Using the broad criteria, the extent of disorder-specific genes was substantially reduced. Using broad criteria, disorder-specific CNVs and genes were reduced in number: ID (2 CNVs, 40 genes; 6.7% of ID CNVs), ASD (3 CNVs, 5 genes, 10.7%), and schizophrenia (9 CNVs, 26 genes, 42.9%). Of note, given the high degree of overlap across disorders using broad criteria, schizophrenia was the disorder that stood out in greatest distinction from ID and other conditions.
PATHWAY ANALYSIS
Our systematic groupings of CNVs provided opportunities to investigate gene pathways that may be unique or shared across DSM diagnoses or within sub-groups of these disorders. Pathway analysis identified significant biological, cellular, and molecular gene processes, some of which were shared across disorders and others were unique to given sub-groupings. We first examined enriched gene pathways in gene groups associated with each of the four DSM diagnoses separately under strict criteria (e.g. ASD, ID, schizophrenia) (Figure 3A–C and Table S3, available online). Epilepsy was excluded because of the small number of CNVs under strict criteria, only three in total. The majority of significant findings across disorders pinpointed processes at the synapse. For example, synapse processes were significant for ASD (p<.001), ID (p=.007), and schizophrenia (p=.003). In addition, synaptic transmission was significant in ASD (p<.001) and schizophrenia (p<.001). Post-synaptic membrane was highly enriched in ASD (p=.003) and ID (p=.003). Extracellular ligand-gated ion channel activity was significant in ASD (p=.002), ID (p=.02), and schizophrenia (p=.007). Also, glycerophospholipid metabolic process was noted in ID (p=.02) and schizophrenia (p=.002).

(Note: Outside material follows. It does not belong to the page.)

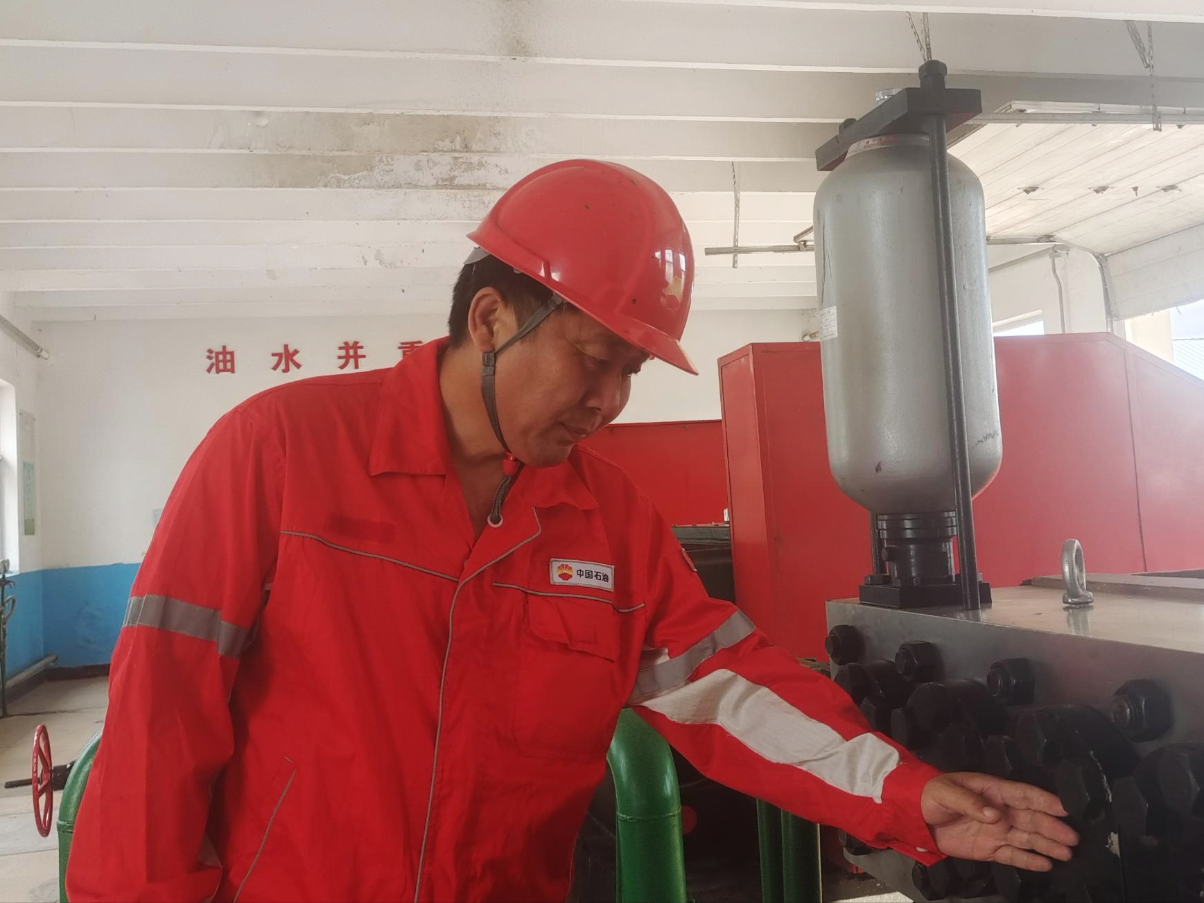考虑到班组里其他人在外巡井,夏野立刻跑去工具间,带上手电筒、扳手、新盘根等,赶回泵房独自抢修。他关上阀门、卸螺丝,弓着身子抠旧填料、码新盘根,汗水顺着脸颊滴落,也没空擦拭。

Analysis of gene groupings based on DSM disorders also identified pathways that were specific to individual disorders. Significant ASD processes included exocytosis (p=.002), vesicle (p=.009), synaptic vesicle transport (p=.002), and regulation of neurotransmitter levels (p<.001). Notable ID processes identified actin cytoskeleton organization (p<.001), actin filament-based process (p<.001), tumor necrosis factor binding (p<.001), and regulation of acute inflammatory response (p=.02). Schizophrenia pathways were related to protein ubiquitination (p<.001) and ubiquitin-protein ligase activity (p<.001).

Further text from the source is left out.